In adult life, my non-belief was not something I considered a large part of my identity, and it was some years before I embraced the word “atheist”, which for me still had negative connotations: I was a “humanist”, or an “agnostic”, or a “secularist”, or just plain old “not religious.” I was quiet about it, avoided polarizing conversations about religion, and interested myself in other things.

I started getting more “serious” about atheism around the time of the September 11, 2001 attacks and the subsequent attention on such things as religious extremism, the so-called New Atheists and the rise of the religious right. On a personal level, I was also getting annoyed with the reactions that many people had, just to my simply identifying myself as an atheist.
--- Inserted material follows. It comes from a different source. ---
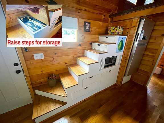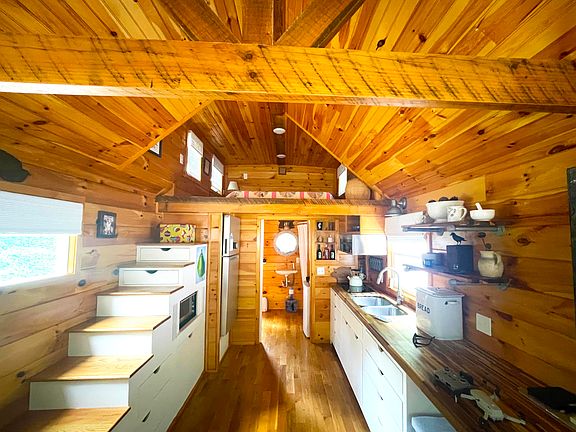 240 sq ft home built by Incredible Tiny Homes in 2020. Home sits on 1.49 acre lot priced at $154,000, with option to purchase 2 lots for a total of 2.62 acres for $184,000. Public electric, water and sewer with high speed internet provided by Newport Utilities. Very private setting nestled in on a wooded site. Beautiful wood throughout home with cathedral ceilings. Loft area bedroom with creative storage areas throughout home. Steps 1, 2 & 5 raise for storage underneath. Sofa has large storage area underneath and converts to a guest bed. Home includes Whirlpool stack washer & dryer, refrigerator, microwave, 2 burner induction cook top, Breville Smart Oven, tank-less water heater, Mitsubishi mini-split for heating & cooling & woven wood blinds on all windows. Detached storage unit also included in purchase.
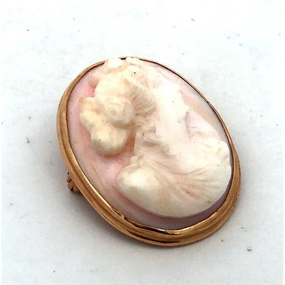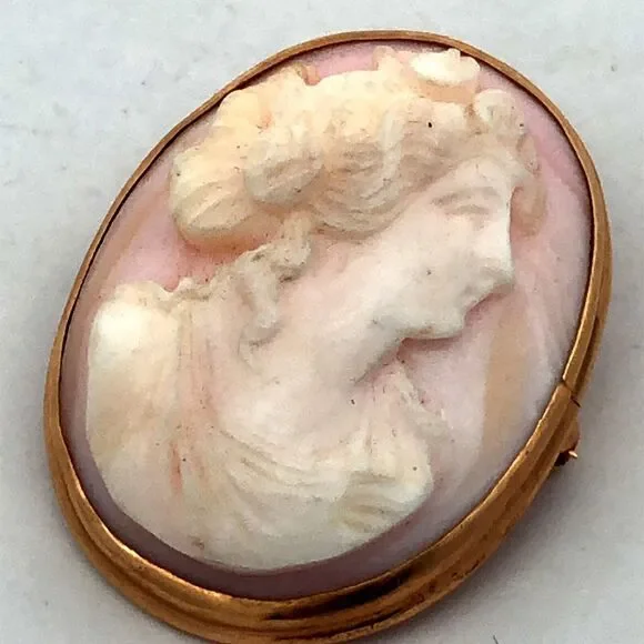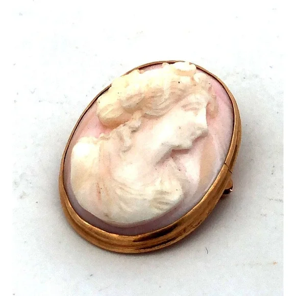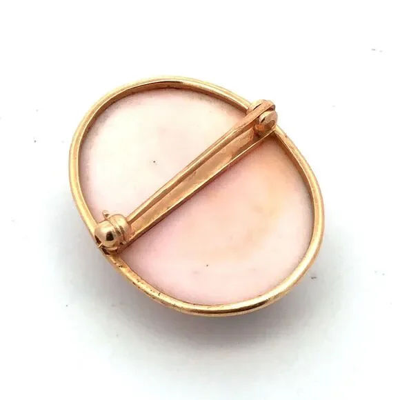 Estate 10K Yellow Gold Light Pink White Oval Carved Cameo Pin Brooch

Most people were nice of course (this is Minnesota), but I couldn’t simply mention my atheism and expect other people to let it go as I habitually did when others mentioned, for instance, “I’m a Christian.” No matter what the other person believed, and I have met people with many beliefs, it was always a problem that I was an atheist, and people always had to ask why and express their opinions and so on and so forth, even when I wasn’t up for a conversation on the subject. Most of them could not or would not understand that this was a position to which I had devoted much thought and careful consideration, and which deserved exactly as much respect as their own. I realized that I had to assert myself a little more in this area, and part of that meant I had to educate myself a little more.

This website began as an idle idea I had, shortly after I had come to Minneapolis to live, when I had a couple of encounters on the street with some Bible-college students who wanted to “witness” to me: to write a printed “tract” explaining what my non-belief means to me. This was mainly an imaginary project that served to collect my thoughts on the subject: for years I kept notes on various issues that I went back to and re-wrote and expanded, until recently I decided that I might as well publish them on the Web.

This material is probably not going to “de-convert” anyone, because that’s not the way the atheist journey works. Becoming an atheist is an intellectual, personal, and often emotional journey that takes time, thought, and effort., and my personal journey is still ongoing. I’m no professional philosopher or scientist, just an ordinary guy with a compulsive need to write and explain my ideas to myself and to any others who may be interested, and my words will stand and fall on their own merits. My intention is just to clear up a few misconceptions, express what I care about as an atheist, and to give a clearer idea of what it can mean to embrace reason rather than religion.

If you are questioning your beliefs, and something here is of use to you, then my efforts will have been rewarded, but I won’t pretend that this site is the go-to resource for all things atheist (I’ll be sure to add links to other sites that have been helpful to me). It’s just my little godless corner of the web, and welcome to it.